La mission de celle qui fut classée Monument historique voilà peu est claire : informer, éduquer, cultiver et divertir. Bernard Thomasson passe en revue des productions devenues cultes – Flagrants Délires, Radioscopie, Jeu des 1000 francs, Papous dans la tête ou encore Route de nuit, la toute première émission nocturne en France, en 1955 – et s’attarde sur ceux qui en furent l’âme – José Arthur, Macha Béranger, Louis Bozon, Christophe Dechavanne, etc. Il n’oublie pas quelques autres œuvrant dans l’ombre, tels Yann Paranthoën et Pierre Schaeffer [lire notre critique de Symphonie pour un homme seul], sans parler des musiciens appartenant aux orchestres national et philharmonique, des bruiteurs, pompiers, maçons et menuisiers qui forment un ensemble de plusieurs milliers de salariés, potentiellement grévistes (1968, 1994) ou victimes de l’épidémie de Covid-19 (2020). Amiante, attentat ou incendie font aussi partie des dangers encourus par le personnel, sans parler des onze tonnes d’ammoniaque qui furent stockés là pendant trop longtemps…
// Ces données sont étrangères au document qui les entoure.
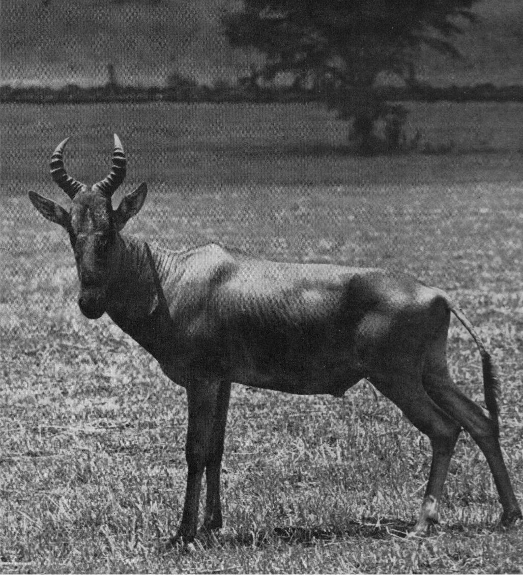
Plate 11 THE LAST NAKURU HARTEBEE

De la Maison de la radio – et de la musique, depuis 2021 –, d’aucuns disent que c’est un lieu que personne n’a jamais visité de fond en comble, un lieu toujours en travaux. Ce qui est certain, c’est qu’elle évolue sans cesse, hébergeant un temps une coopérative et une banque, fauchant les studios 102 et 103 pour faire éclore un auditorium d’exception, s’adaptant à l’essor de l’automobile puis au retour de la bicyclette. De bocal en sous-marin, de cantine en rucher, l’auteur nous accompagne dans ses différents espaces, parfois même extra-muros, évoquant ainsi le Studio Ferrié situé sous le pilier nord de la Tour Eiffel et les entrepôts où sont conservées de vraies cloches d’église. De même que l’invention du son de demain (immersif, multicanal), le transport des instruments du passé n’est pas oublié par ce témoin privilégié qui capte l’attention par la diversité de son menu et enrichit notre culture par la substance de ses plats.